瓶子君 commented 4 years ago

给定两个字符串形式的非负整数 num1 和 num2 ，计算它们的和。

例如：

"111" + ”2222“ = ”2333“

注意：

num1 和 num2 的长度都小于 5100
num1 和 num2 都只包含数字 0-9
num1 和 num2 都不包含任何前导零
你不能使用任何內建 BigInteger 库，也不能直接将输入的字符串转换为整数形式

附赠leetcode地址：leetcode

Rico · Answer 1 · Wed May 06 2020 09:17:29 GMT+0800 (China Standard Time)

上代码

function add(str1, str2) {
  let result = ''
  let tempVal = 0
  let arr1 = str1.split('')
  let arr2 = str2.split('')

  while (arr1.length || arr2.length || tempVal) {
    tempVal += ~~arr1.pop() + ~~arr2.pop()
    result = tempVal % 10 + result
    tempVal = ~~(tempVal / 10)
  }

  return result.replace(/^0+/, '')
}

mingju0421 · Answer 2 · Wed May 06 2020 14:43:03 GMT+0800 (China Standard Time)

var addStrings = function(num1, num2) {
    let a = num1.length, b = num2.length, result = '', sum = 0
    while(a || b) {
        a ? sum += +num1[--a] : ''
        b ? sum +=  +num2[--b] : ''
        
        result = sum % 10 + result
        if(sum > 9) sum = 1
        else sum = 0
    }
    if (sum) result = 1 + result
    return result
};

hecun · Answer 3 · Wed May 06 2020 17:55:20 GMT+0800 (China Standard Time)

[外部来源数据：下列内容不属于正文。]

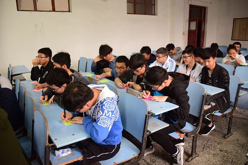 参观校史馆结束后,于教6栋215举行“我的大学,我的梦”主题班会,分为校史知识抢答、感悟发言、书签梦想三个环节。“我校的建校时间是?”、“学院办学指导思想是什么?”同学们纷纷积极举手,踊跃答题,现场气氛热烈。在“感悟发言”环节中,新转专业来的吴丹新同学表示,“当时我高考填报的第一志愿是就是计算机科学与技术专业,虽然当时没能被这个专业录取,但在自己的努力下,现在重新和理想并肩。”
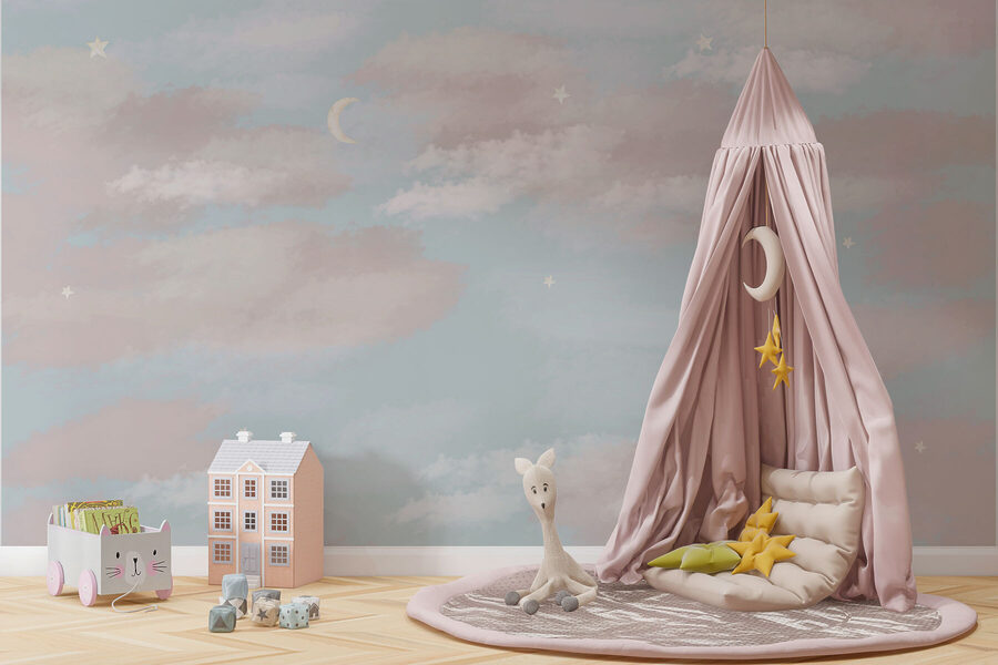 Imaginați-vă că stați întins pe canapea și vă uitați la un cer perfect – fără insecte și vreme imprevizibilă. Acest “Wall Mural: Blue Sky with Clouds and a Crescent Moon” aduce vibrații senine în interior, transformând un perete banal într-o pânză de visat cu ochii deschiși. Norii pufoși plutesc leneș, luna în semilună adaugă un strop de magie, iar nuanța de albastru blând? Ei bine, practic șoptește “relaxare”. Perfectă pentru orice spațiu care tânjește după calm și farmec. Prietenii s-ar putea să vă întrebe dacă v-ați mutat afară. Haideți, răsfățați-vă pereții!

var addStrings = function (num1, num2) {
  var arr1 = num1.split('').reverse()
  var arr2 = num2.split('').reverse()
  var length = Math.max(num1.length, num2.length)

  var res = []
  for (var i = 0; i < length; i++) {
    var item1 = Number(arr1[i]) || 0
    var item2 = Number(arr2[i]) || 0
    var num = res[i] || 0

    var sum = item1 + item2 + num

    res[i] = sum % 10

    var zheng = Math.floor(sum / 10)
    if (zheng > 0) res.push(zheng)
  }

  return res.reverse().join('')
};

瓶子君 · Answer 4 · Wed May 06 2020 22:46:13 GMT+0800 (China Standard Time)

解答：从低位开始相加

从 num1 ，num2 的尾部开始计算，模拟人工加法，保存到 tmp 中；
计算 tmp 的个位数，并添加到 result 的头部，这里的 result 是 string 类型，不是 number 类型；
计算进位，改成 tmp，进行下次循环
索引溢出处理：循环结束，根据 tmp 判断是否有进位，并在 result 头部添加进位 1
返回 result

代码实现：

var addStrings = function(num1, num2) {
    let a = num1.length, b = num2.length, result = '', tmp = 0
    while(a || b) {
        a ? tmp += +num1[--a] : ''
        b ? tmp +=  +num2[--b] : ''
        
        result = tmp % 10 + result
        if(tmp > 9) tmp = 1
        else tmp = 0
    }
    if (tmp) result = 1 + result
    return result
};

复杂度分析：

时间复杂度 O(max(M,N))
空间复杂度 O(1)

leetcode

z993028171@qq.com · Answer 5 · Thu May 07 2020 11:43:44 GMT+0800 (China Standard Time)

1、新建立双指针 i 、j，倒序循环两个数组
2、判断两数相加是否大于10，大于则进1，缓存 (result % 10)
3、循环结束判断move是否有值，有则加上，没有直接return
空间复杂度: 循环num1， num2，则空间复杂度O(n)
空间复杂度: result缓存结果，常数级复杂度O(1)

var addStrings = function(num1, num2) {
    var i = num1.length - 1,
        j = num2.length - 1,
        move = 0,
        result = '';
    while (i >= 0 || j >= 0) {
        n1 = i >= 0 ? num1[i] : 0;
        n2 = j >= 0 ? num2[j] : 0;
        var tmp = +n1 + +n2 + move;
        move = tmp >= 10 ? 1 : 0;
        result = (tmp % 10) + result;
        i--;
        j--
    }
    return move ? move + result : result;
};

Necros · Answer 6 · Fri May 08 2020 15:35:06 GMT+0800 (China Standard Time)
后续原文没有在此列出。